These aren’t your average fruitcakes you find at the grocery store. These are boozy, fruity and filled with warming spices. They’d make a great gift, plus they don't need to "cure" for months like traditional homemade fruitcakes!
In a large bowl, combine all the dried fruit, candied ginger and orange zest. Add the rum and stir to combine. Cover with plastic wrap and set aside at room temperature for 3 hours or overnight.
Preheat the oven to 325°F. Generously grease the mini loaf pans. Set aside.
In a stand mixer fitted with the paddle attachment, add the butter and granulated sugar. Turn the mixer to medium-high and mix until light and fluffy, 2-3 minutes.

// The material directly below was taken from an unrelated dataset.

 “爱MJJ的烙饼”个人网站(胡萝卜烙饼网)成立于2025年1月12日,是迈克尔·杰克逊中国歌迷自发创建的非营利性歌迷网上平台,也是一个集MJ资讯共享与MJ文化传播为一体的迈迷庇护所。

Turn the mixer to low. One at a time, add the eggs, mixing until thoroughly combined. Then add in the vanilla. Use a spatula to scrape down the sides of the bowl.
Add the flour, baking powder, cinnamon, nutmeg, salt and cloves to the mixing bowl. Turn the mixer to medium-low speed and mix until just combined.

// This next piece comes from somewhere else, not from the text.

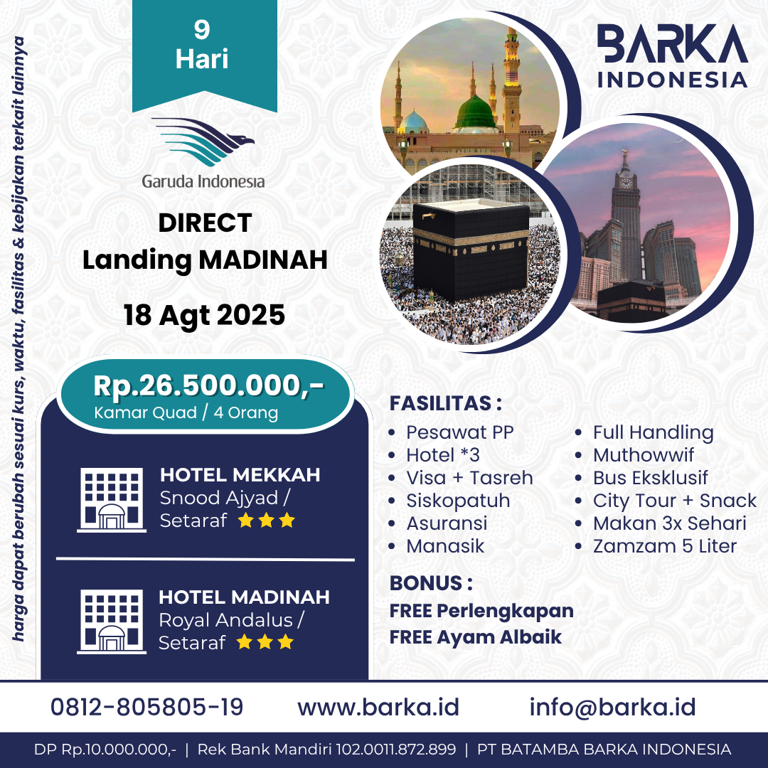 Dengan menyediakan berbagai Fasilitas Pelayanan yang Lengkap dan Memuaskan agar Perjalanan Anda terasa Khusyu, Nyaman dan Menyenangkan.

Remove the mixing bowl from the stand mixer. Using a spatula, fold in the slivered almonds and the dried fruit and rum mixture.
Pour the batter into the prepared pans and spread evenly. Place the cakes in the oven, evenly spacing them apart. Bake the fruitcakes until the tops are a rich golden brown and a knife inserted into the center comes out clean, 40-45 minutes.
Remove the cakes from the oven and set on a wire rack to cool for 20 minutes, and then run a knife around the edges of the pans to release the cakes. Invert the cakes onto a baking rack, then turn them right side up and set back on a baking rack with a pan set underneath.
Glaze
While the cake is baking, make the glaze. In a medium bowl add all on the ingredients. Whisk until smooth and then set aside.
Pour the glaze over the warm cakes so it drips down the sides. Allow the glaze to set before serving.